- Episode no.: Season 5 Episode 3
- Directed by: Derek Bennett
- Written by: Rosemary Anne Sisson
- Production code: 3
- Original air date: 21 September 1975

Episode chronology
| ← Previous "A Place in the World" | Next → "The Joy Ride" |

= Laugh a Little Louder Please =

"Laugh a Little Louder Please" is the third episode of the fifth and final series of the period drama Upstairs, Downstairs. It first aired on 21 September 1975 on ITV.

==Background==
Laugh a Little Louder Please was recorded in the studio on 6 and 7 February 1975. Rosemary Anne Sisson, the writer of this episode, used We Danced All Night, the autobiography of Barbara Cartland, party as an inspiration for this episode. We Danced All Night was also used for other episodes in which Georgina played a main role. Sisson also
brought some of her own experiences and feelings, as a child in the Second World War, into this episode.
==Cast==
- Lesley-Anne Down - Georgina Worsley
- Angela Baddeley - Mrs Bridges
- Gordon Jackson - Hudson
- Jean Marsh - Rose
- Simon Williams - James Bellamy
- Celia Bannerman - Diana Newbury
- Christopher Beeny - Edward
- Osmond Bullock - Captain Robin Eliott
- Karen Dotrice - Lily
- Jacqueline Tong - Daisy
- Gareth Hunt - Frederick
- Jenny Tomasin - Ruby
- Shirley Cain - Miss Treadwell
- John Quayle - Bunny Newbury
- Madeleine Cannon - Lady Dolly Hale
- Trevor Ray - The Hon. Tommy Spenton
- Anne Yarker - Alice Hamilton
- Jonathan Seely - William Hamilton
- Marsha Fitzalan - Bluebird (Party Guest)
- Julia Schofield - Geraldine (Party Guest dressed as Charlie Chaplin)
- Victor Langley - Bather (Party Guest)
- Nicholas Hunter - Red Indian (Party Guest)

==Plot==
It is the summer of 1921, and Georgina, James, Diana Newbury and Captain Robin Eliott decide to hold a fancy dress "Freedom Party" while Richard and Virginia are away in Geneva on League of Nations business. Shortly after the party has started, Miss Treadwell, Alice and William's new governess, arrives at Eaton Place. Later in the evening, Georgina and Robin are upstairs in the nursery talking and Robin proposes to Georgina. When she refuses, Robin says in that case, he will kill himself as he cannot live without her.

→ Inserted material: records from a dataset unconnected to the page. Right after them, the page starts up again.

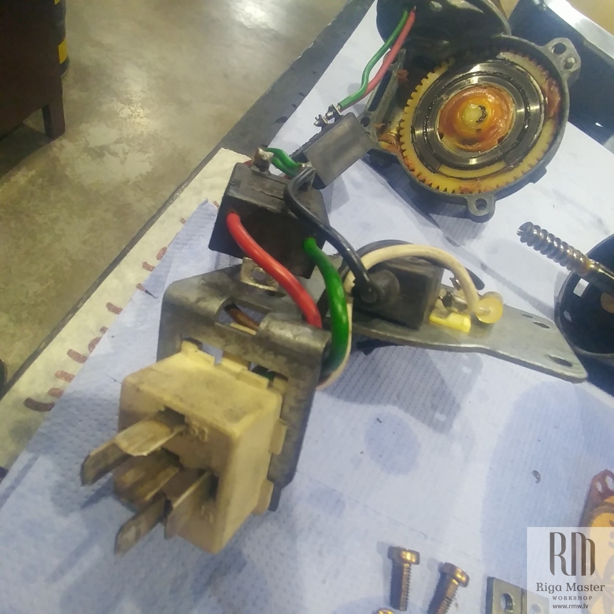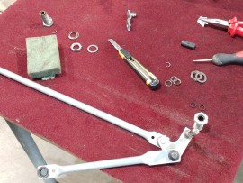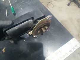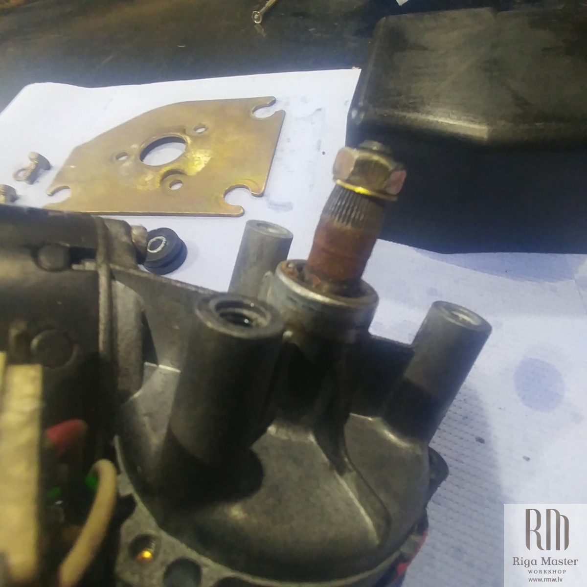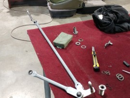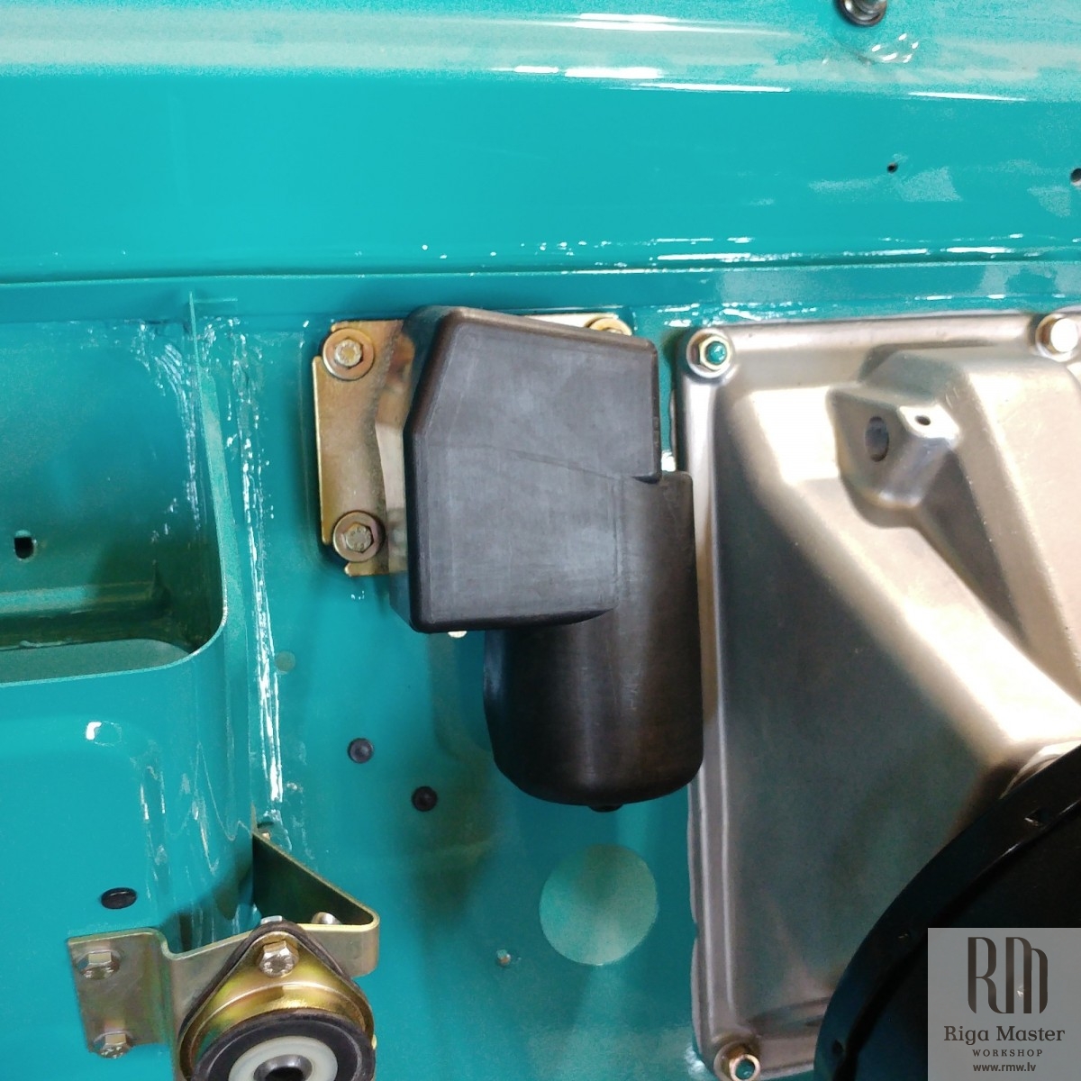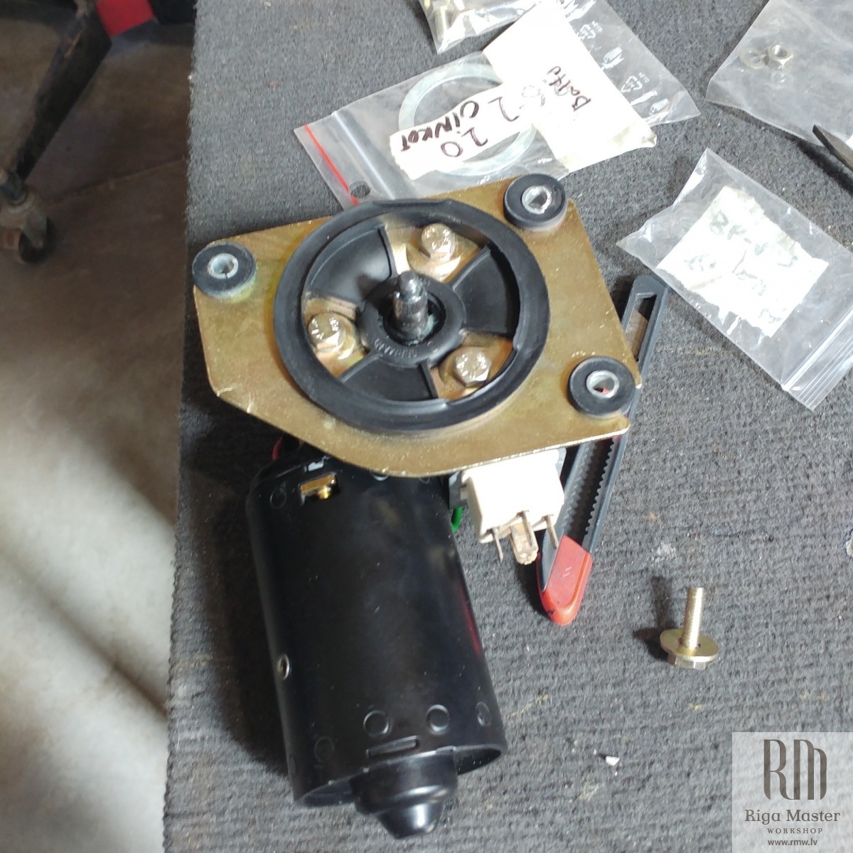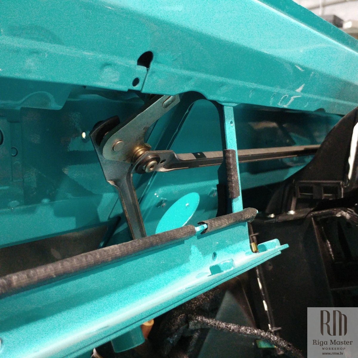 The Steyr Daimler Puch 230GE restoration at Riga Master Workshop has progressed to the wiper system. These photographs detail the complete overhaul of the wiper motor and linkage. The motor was fully disassembled, with the gearbox cleaned and re-lubricated, and components inspected (as shown by the exposed gear and wiring). The mechanism linkage arms were cleaned and prepared for reassembly. The fully restored wiper motor has now been installed into the newly painted cowl area, ensuring flawless and reliable operation of the wipers.
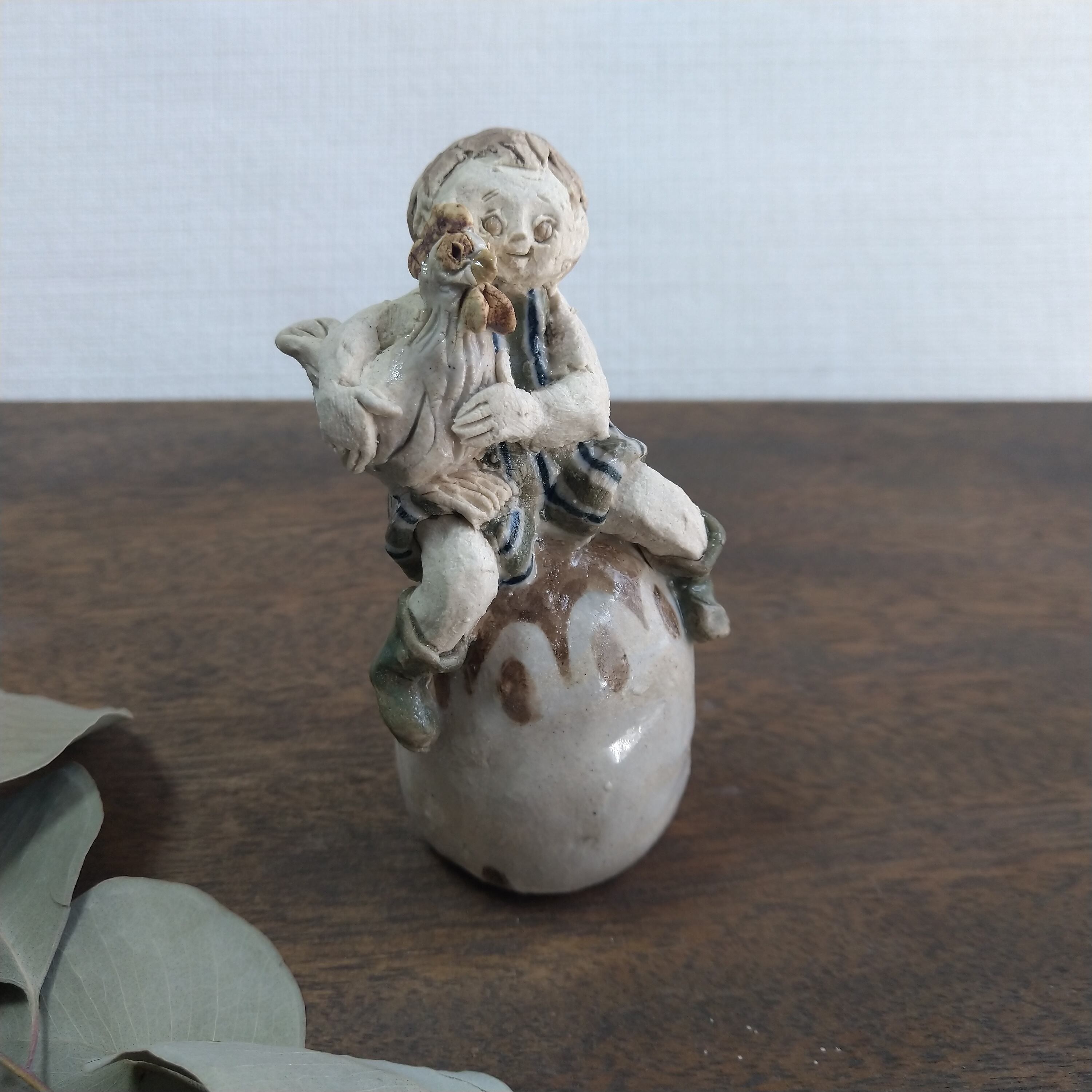 鶏を抱っこしたちびっこが、卵型の土台にお座りしています。
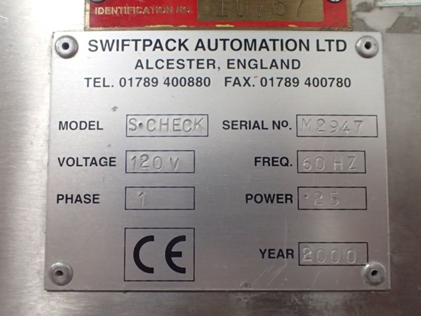 Swiftpack Swiftcount tablet counter, Model S-Check, 120 volt, serial# M2947, built 2000. FEC# 2725-2. Asset Located in Cleveland, OH 44127. ***Auctioneer Notice*** Please be advised a handling fee of $100 will apply to the purchase of this lot. This fee is for off-loading of all items in this lot to the dock area for pickup. Buyer is responsible for transport - the fee does not include charges associated with packing and shipping.

Georgina does not believe him, and walks out. Not long after, Miss Treadwell discovers Robin shot himself just outside the nursery. Hudson, who arrived seconds after Miss Treadwell found the body, reads a letter Captain Eliott wrote on the back of a drawing from the nursery: "My dearest Georgina. You will never know how much I loved you. My life would be unbearable without you. God bless. Robin". Hudson destroys the note before anyone else notices it. The following morning, Georgina carries on as normal, merely saying "it did rather spoil the party, didn't it?".

Meanwhile, Edward suggests to Daisy that they emigrate to Canada, but Daisy reminds him how lucky they are compared to many others. Diana Newbury and James talk about her marriage to Bunny, and she shows little affection for her husband.